Liverpool tagged WG pitcher Deanna Shackleton for three runs in the first inning and four runs in the second inning. Katie Yudin doubled, walked and drove in three of those runs, with Peyton Bellrose adding two RBIs. Gina Meyers and Jenna Wike also drove in runs.
Given all of that early support, Bellrose was cruising until the top of the fourth, when WG tried to fight its way back, scoring three runs, two of them driven home on Mallory Kovacs’ single.
Once Bellrose got out of that jam, though, she settled down and finished with eight strikeouts, only allowing four hits overall. Hours later, she and the rest of the Warriors found out that it would have to beat C-NS again if it wanted a sectional three-peat.
Due to a coin flip, the Warriors, despite its no. 4 state ranking, ended up as a no. 2 seed. Had it gained the top seed, Liverpool would have needed to beat C-NS for a third time this spring during Thursday’s AA quarterfinals.
Instead, the Warriors got the Syracuse City team in Thursday’s quarterfinals. Syracuse had played Class B foes in the OHSL Liberty division all season, and Liverpool proved too much for them, rolling to a 12-0 victory.
Bellrose only pitched three innings before Wike and Yudin worked the rest of the way. Combined, they threw a one-hitter with 13 strikeouts, a cause made easier because the Warriors built an 11-0 lead through three innings.
At the plate, Bellrose doubled, walked twice and drove in two runs. Erika Sadowski added two hits, two runs scored and two RBIs, with Yudin also getting two RBIs. Wike, Meyers and Joelle Nesci had one RBI apiece.
C-NS, meanwhile, would have an opportunity to upend the unlikely top seed, Central Square, but that only was made possible by surviving a harrowing opening-round match last Tuesday where it needed a big comeback to top no. 9 seed Auburn 5-4 in eight innings.
Auburn got to Corasaniti for two runs in each of the first two innings to establish a 4-1 lead as Breanna Hamilton earned a pair of RBIs. Corasaniti blanked the Maroons from there, only allowing three total hits while striking out six, but she needed help.
Just in time, C-NS provided it, scoring twice in the bottom of the sixth off Auburn pitcher Taylor Stearns thanks to Meghan Bocyck’s home run. Then, three outs from elimination, tying it in the bottom of the seventh on Jessica Callisto’s RBi single.
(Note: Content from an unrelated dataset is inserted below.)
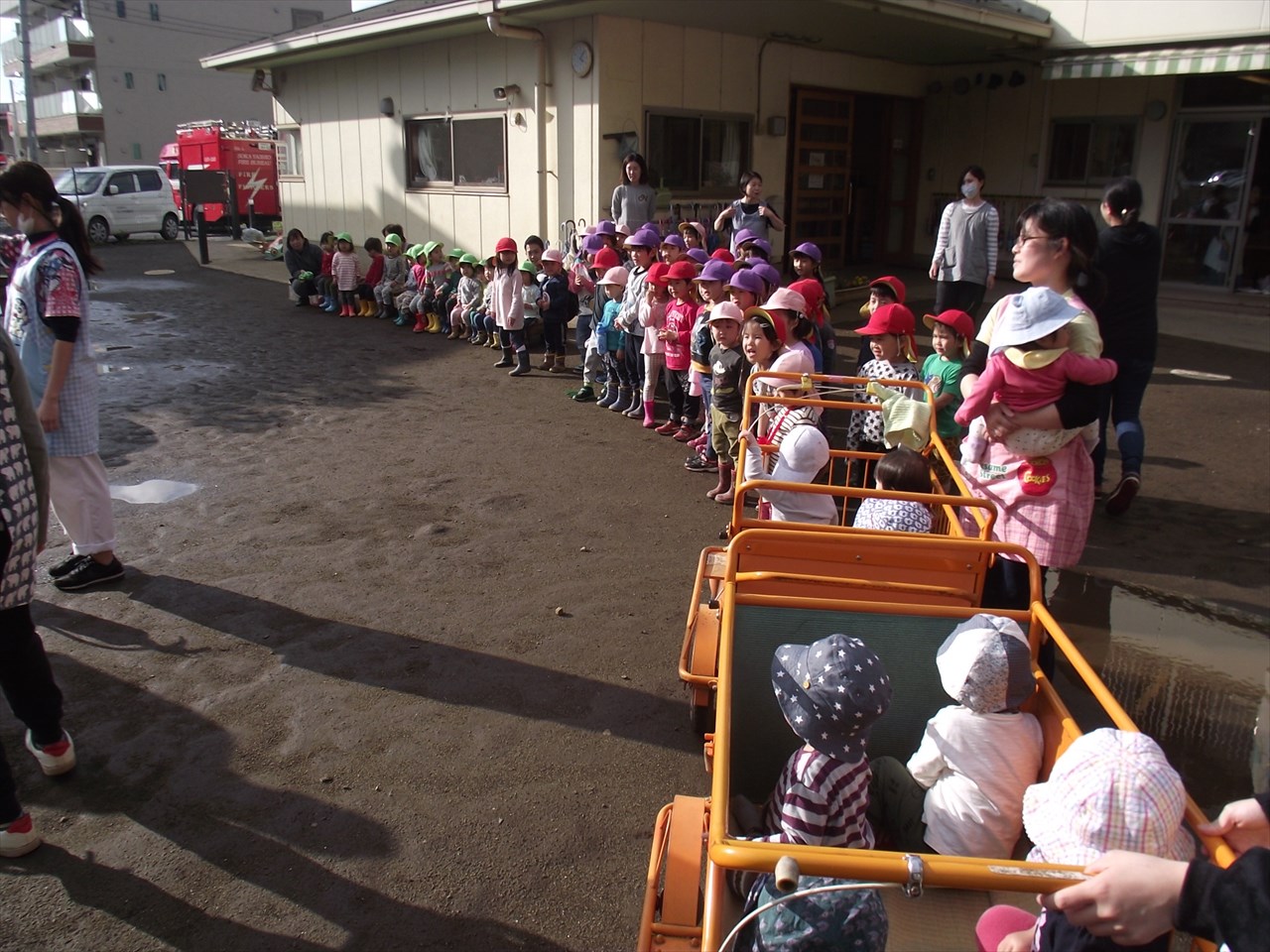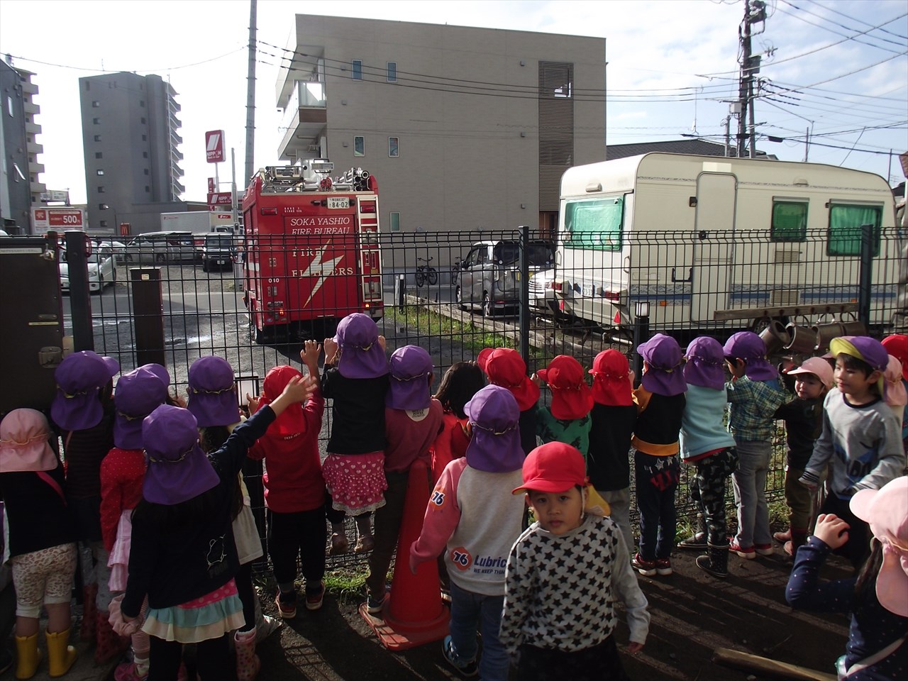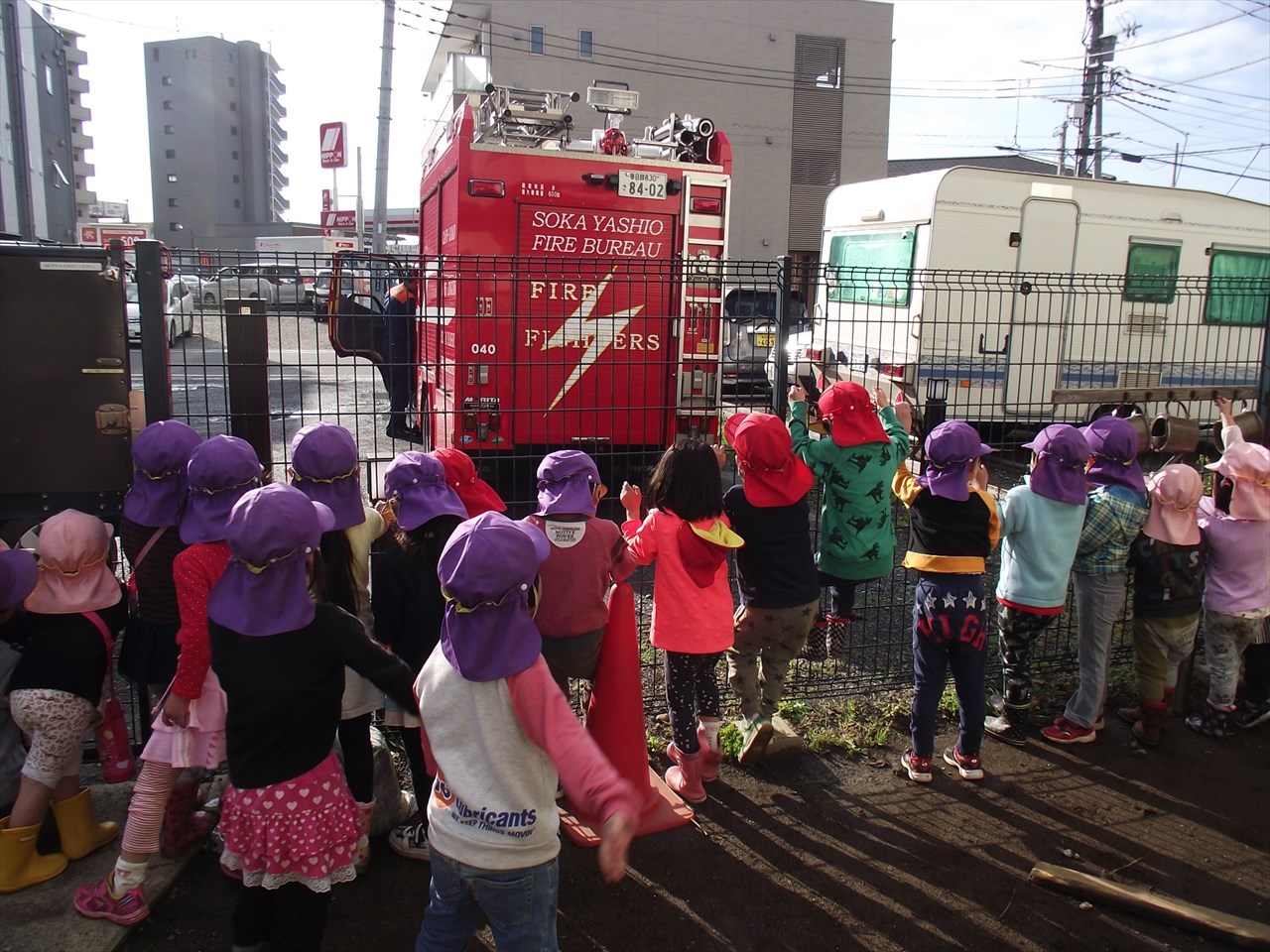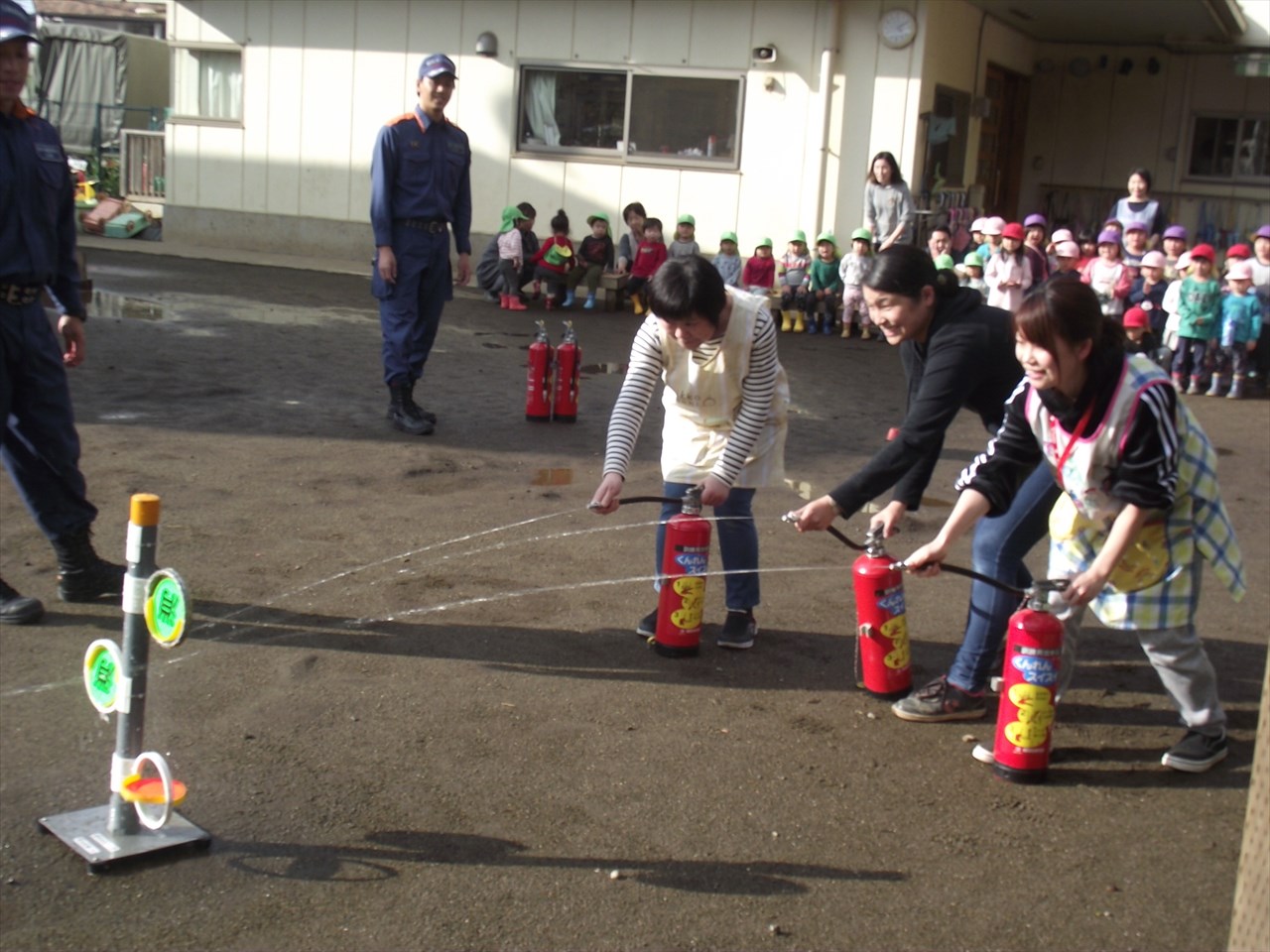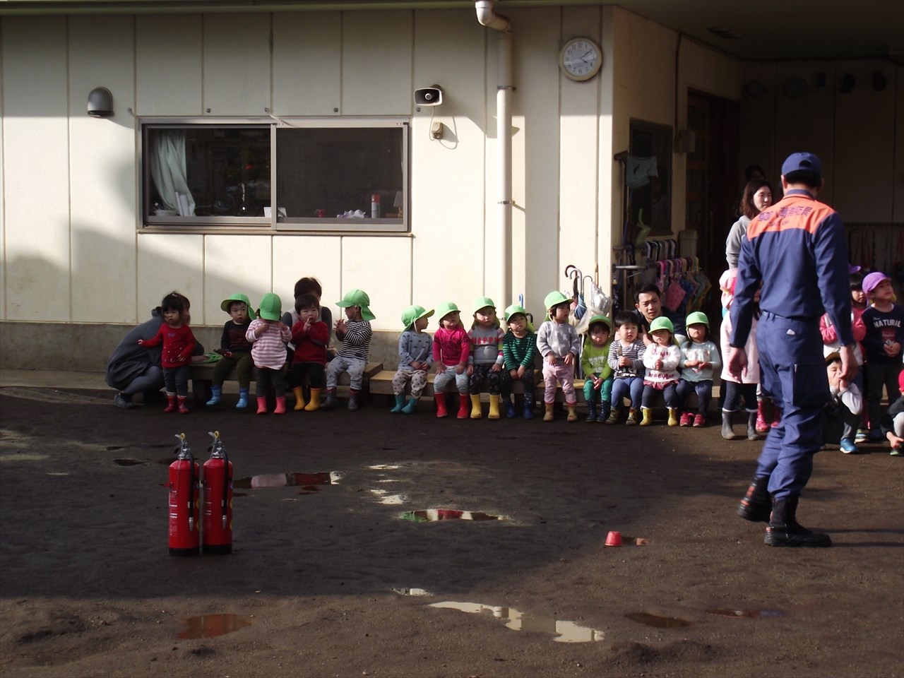 八潮市消防署の方立ち合いで避難訓練を行いました。 大きな地震がり、給食室から出火という設定で園庭へ避難しました。

With all of the momentum, the Northstars got a runner in the 10th when Victoria Dunn singled, and Bonin’s triple allowed the winning run to sprint home. Bonin had already scored twice in the game, Callisto, Bocyck, Dunn and Shallcross got two hits apiece.
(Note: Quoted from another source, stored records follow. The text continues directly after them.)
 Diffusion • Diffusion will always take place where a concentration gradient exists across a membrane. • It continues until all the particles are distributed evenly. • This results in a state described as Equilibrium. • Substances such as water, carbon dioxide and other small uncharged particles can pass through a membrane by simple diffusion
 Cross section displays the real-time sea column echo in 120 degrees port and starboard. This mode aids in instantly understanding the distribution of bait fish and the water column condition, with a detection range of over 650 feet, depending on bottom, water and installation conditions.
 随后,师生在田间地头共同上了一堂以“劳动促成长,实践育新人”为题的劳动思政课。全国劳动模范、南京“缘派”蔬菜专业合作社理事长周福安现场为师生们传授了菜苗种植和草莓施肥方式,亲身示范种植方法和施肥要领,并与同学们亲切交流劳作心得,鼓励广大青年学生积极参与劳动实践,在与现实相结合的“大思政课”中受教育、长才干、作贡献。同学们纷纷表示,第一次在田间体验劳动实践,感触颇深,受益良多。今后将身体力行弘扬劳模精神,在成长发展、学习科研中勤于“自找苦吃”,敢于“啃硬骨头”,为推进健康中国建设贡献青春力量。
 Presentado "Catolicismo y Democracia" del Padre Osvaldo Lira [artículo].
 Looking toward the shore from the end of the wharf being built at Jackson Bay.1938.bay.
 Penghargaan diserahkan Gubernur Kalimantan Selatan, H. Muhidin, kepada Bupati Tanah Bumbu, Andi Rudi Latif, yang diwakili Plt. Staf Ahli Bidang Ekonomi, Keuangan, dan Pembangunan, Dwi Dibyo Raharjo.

Perhaps steeled by what happened there, C-NS maintained that playoff magic at Central Square, making a late-game comeback and withstanding disappointment to pull out a 4-3, nine-inning decision over the Redhawks.
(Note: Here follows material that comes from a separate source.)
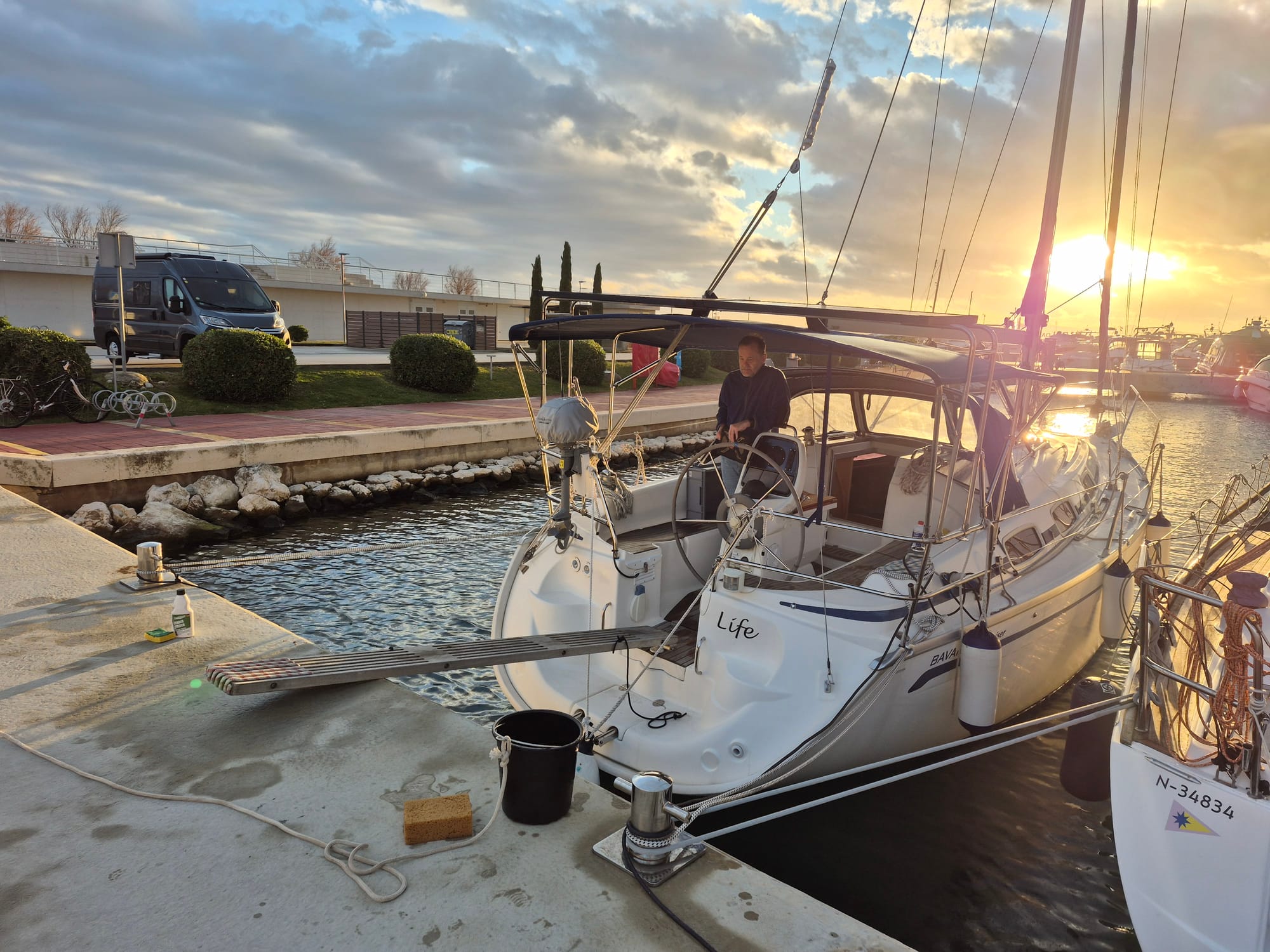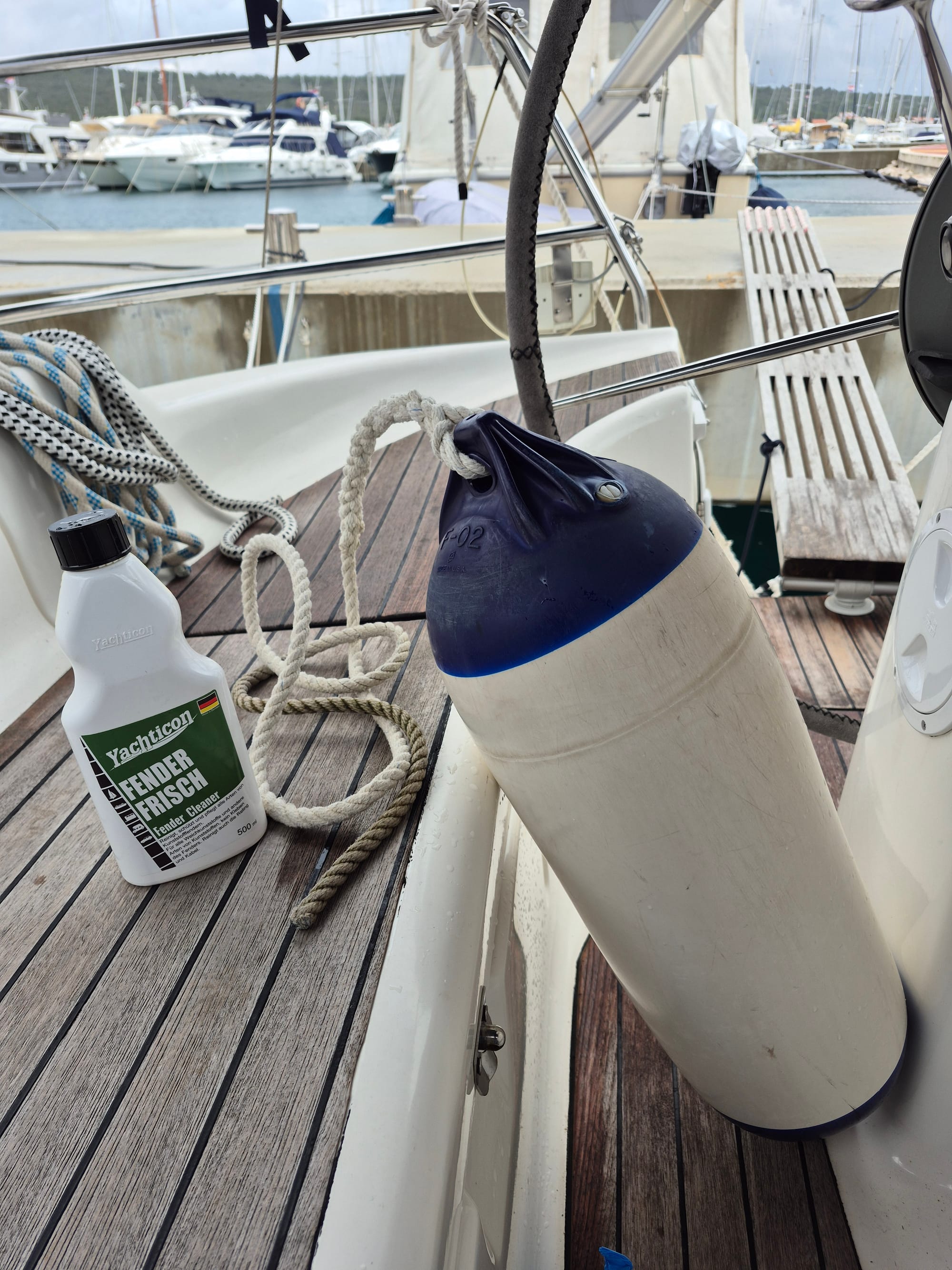 Ich putze alle 6 Fender und dann auch noch das Deck. Da haben unsere Freunde, die Möwen, einiges hinterlassen. 💩💩

Central Square took a 1-0 first-inning lead, but over the next five innings Corasaniti kept it that way, waiting for her teammates to do something at the plate against Redhawks pitcher Abby House.
It finally happened in the top of the seventh, when C-NS struck for three runs, only to see Central Square stay alive with two runs in the bottom of the seventh. The drama stretched until the ninth, when the Northstars reclaimed the lead and then Corasaniti got the final outs.
Bonin and Brandi Feeney drove in all of the Northstars’ runs, combining for five of the team’s seven hits, and set up C-NS for more drama against B’ville – and more success, all of it leading to the most unlikely final between C-NS and Liverpool.